After I was done naming my “activities” (Watch TV, Watch Movie, and Watch Movie VUDU) I hit the “Sync” button and waited…..and waited……and waited…..then fell asleep……woke up the next morning, unplugged the remote from the computer and brought it to work.  Arrrghhh…..(see my browser bitch further down).

Syncing at Work

Firing up my new Toshiba laptop, I plugged in the Harmony 650 to finally get it synced.

Shit….wrong browser again (!!!!!!!) (see my browser bitch further down).  So I tried another browser….damn….that did not work either (see my browser bitch further down).  Finally, I used the worst browser known to man and it worked!  Yeah……Arrrghh….(see my browser bitch further down).

Taking the remote home that night, I tried it.  I had to answer a few inane questions on the remote, and it had to try each of my devices again…but, in the end, it WORKED!

Joy to the World!

Using the Remote

This is the best part.

Pick up the remote and the display comes on (motion sensing…cool).  Hit the soft buttons on either side of the “activity” and magically….the correct devices turn on!  WhoooHooo!

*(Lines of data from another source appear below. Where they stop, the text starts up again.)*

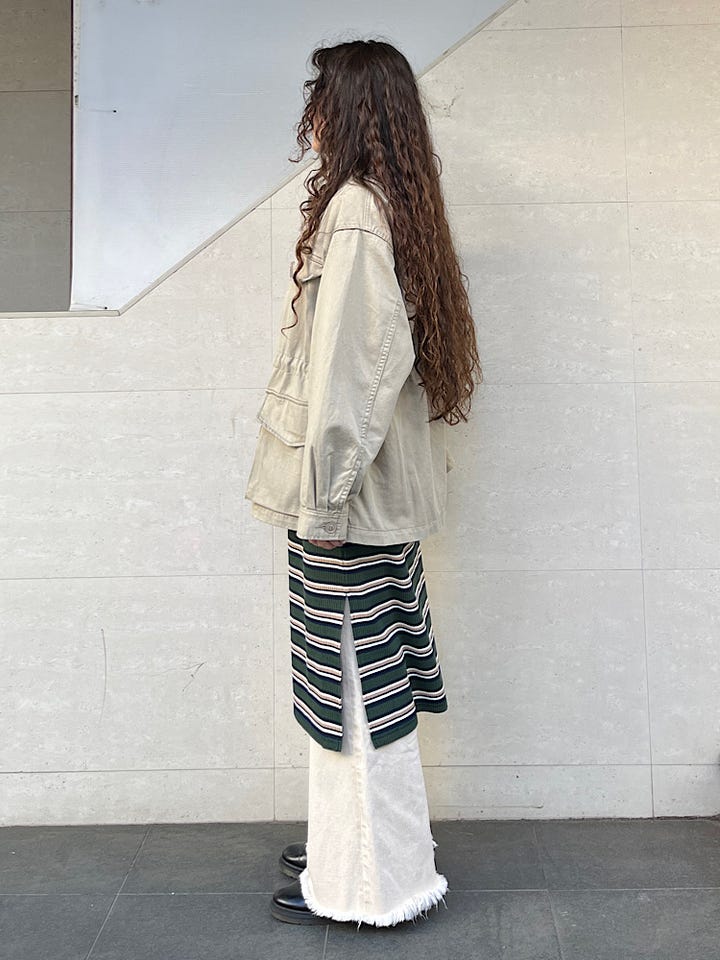 着心地:サイドにスリットが入っている為動きやすく、レイヤードもして頂けます。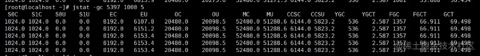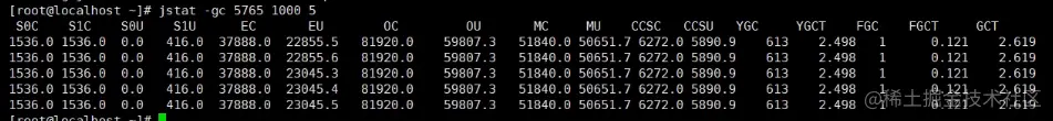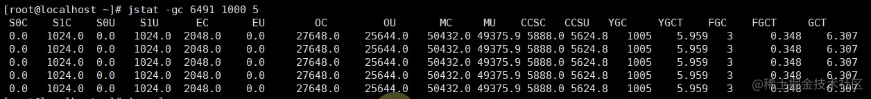 jstat -gc 进程id 间隔时间(毫秒)次数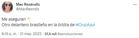 Así lo reveló la reportera de ESPN, Mac Reséndiz, quien a través de su cuenta de Twitter publicó: “Me aseguran. Otro delantero brasileño en la órbita de Cruz Azul”. De todas maneras, la fuente no se animó a dar el nombre que estaría en el radar del cuadro de La Noria, pero las especulaciones no se hicieron esperar.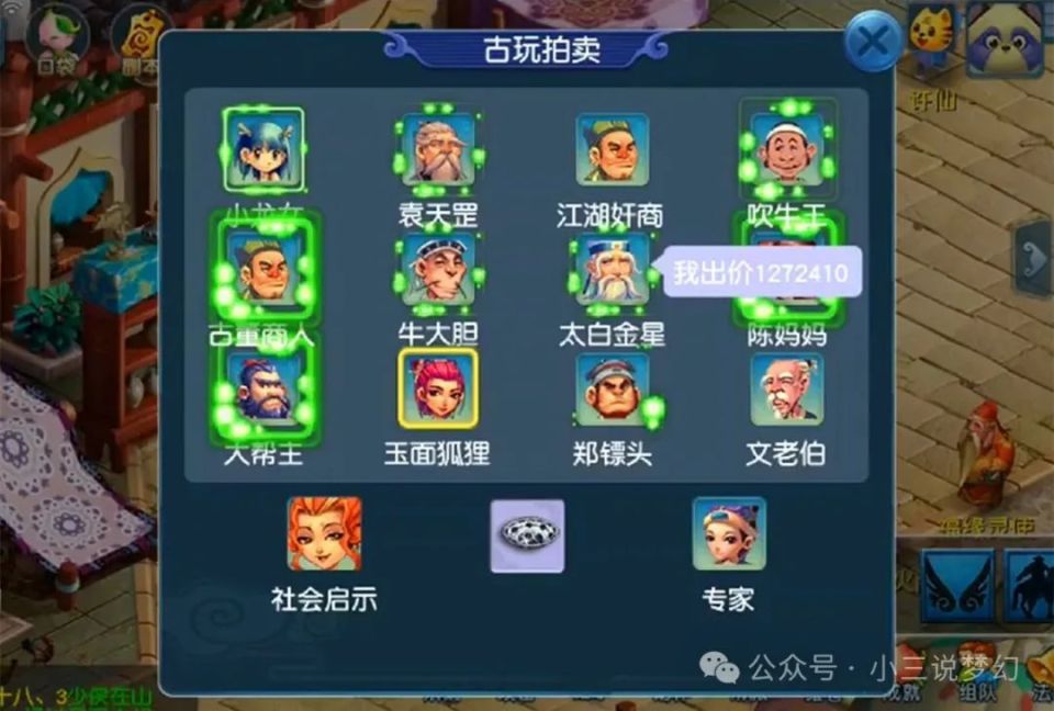 在梦幻西游中有一位玩法是10万梦幻币就能够参与一次,每次都有可能会获得10倍以上的收益,就比如上面的这位玩家,上面这位玩家现在就能够直接获得127万的梦幻币的奖励,该玩法就是位于宝象国古董老板那里的古董盘子拍卖玩法,大家花费10万梦幻币就能够买一个,拍卖的时候就有可能会获得大量的梦幻币,不过有的时候也会被强盗抢,也会被专家责难,所以在该玩法中亏钱的要比赚钱的多。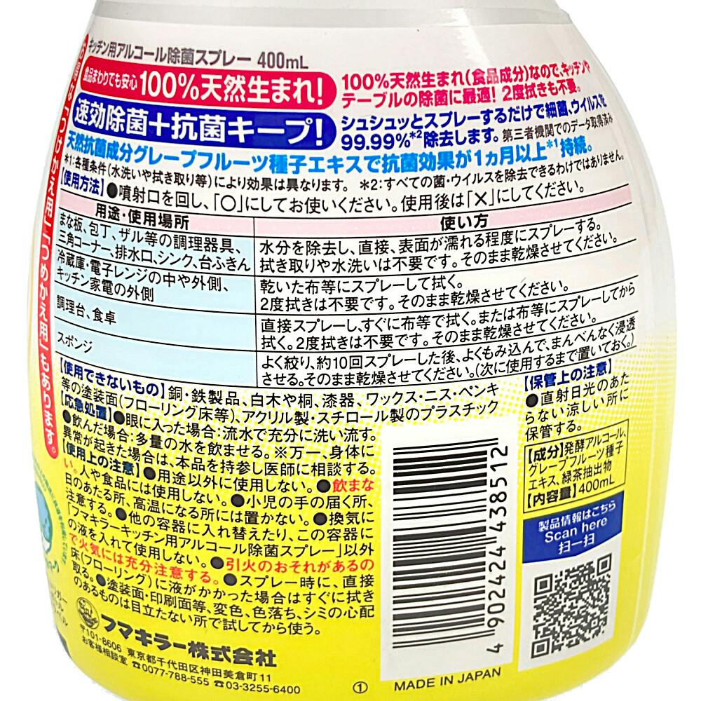 フマキラー キッチン用アルコール除菌スプレー 本体 400ml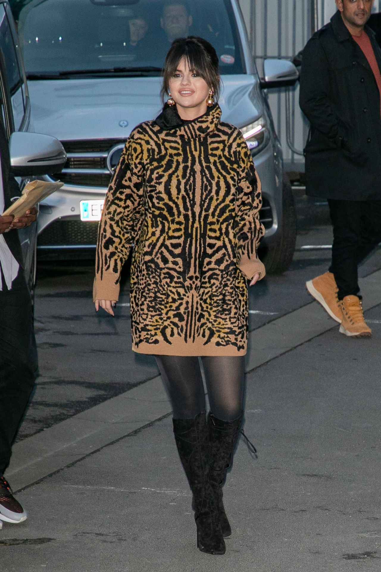 シンガー兼俳優のセレーナ・ゴメスは、アニマルプリントのニットワンピにレースアップのロングブーツを合わせたワイルドな着こなし。大きめのイヤリングを着けて、大胆なニットとバランスを取ったのがセレブらしい。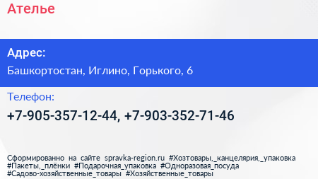Ателье по адресу Башкортостан, Иглино, Горького, 6 в дальнейшем Организация, размещена в следующих категориях:
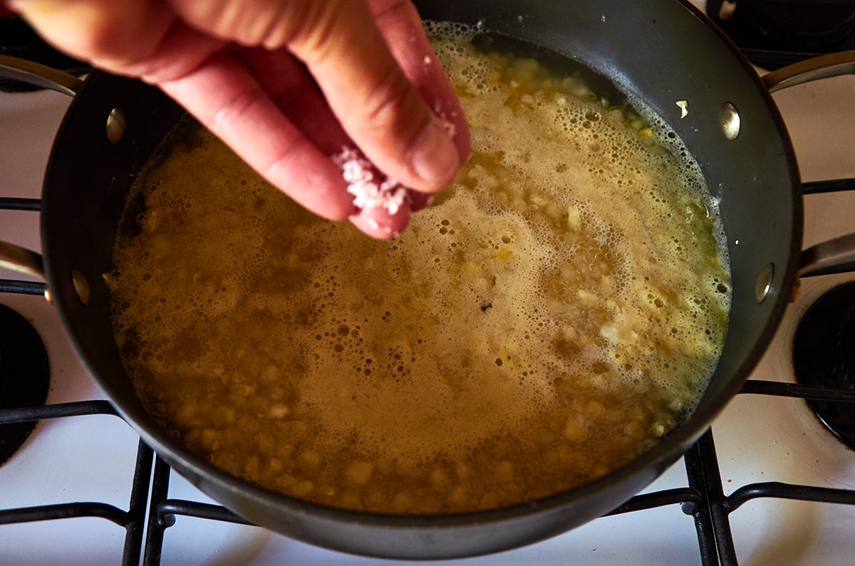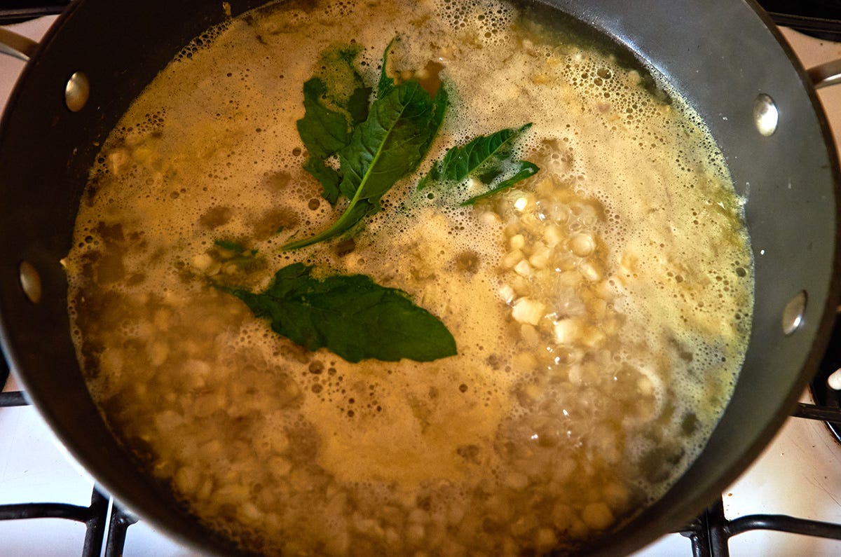 Add the epazote and salt. Bring the water to a boil then reduce to medium.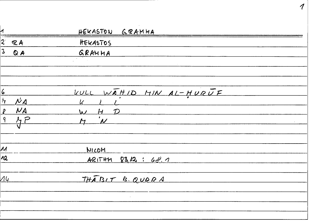 Expressionἕκαστον γράμμαkullu wāḥidin mina l-ḥurūfi

Hit the top left button and all the devices turn off!  Wheeeee!

I tried all three of our “activites” and the remote turned on the appropriate devices every time!  Lori tried it and…..drum roll… worked for her too!

Life is good!

The Browser Issue

As promised, there is one major issue (major to me anyway).

I had to use the awful, terrible, Internet Explorer browser to finally get the remote synced up and working.  The latest version of IE absolutely sucks….it is just awful.  Terrible.

As a tough little hairy guy with big ears would say:  Total crap, that is.

Logitech REALLY needs to fix that, and get it working with Chrome and Firefox (they say Firefox works, but, not on the version I have…the VERY latest, 6.0).


The browser issue aside, the remote so far is working fine.

It has simplified the process for Lori and it works much better than the Comcast remote (faster, and the button pushes feel better).

I like the Logitech Harmony 650 remote!

Just gotta fix that browser issue and it would be nearly perfect.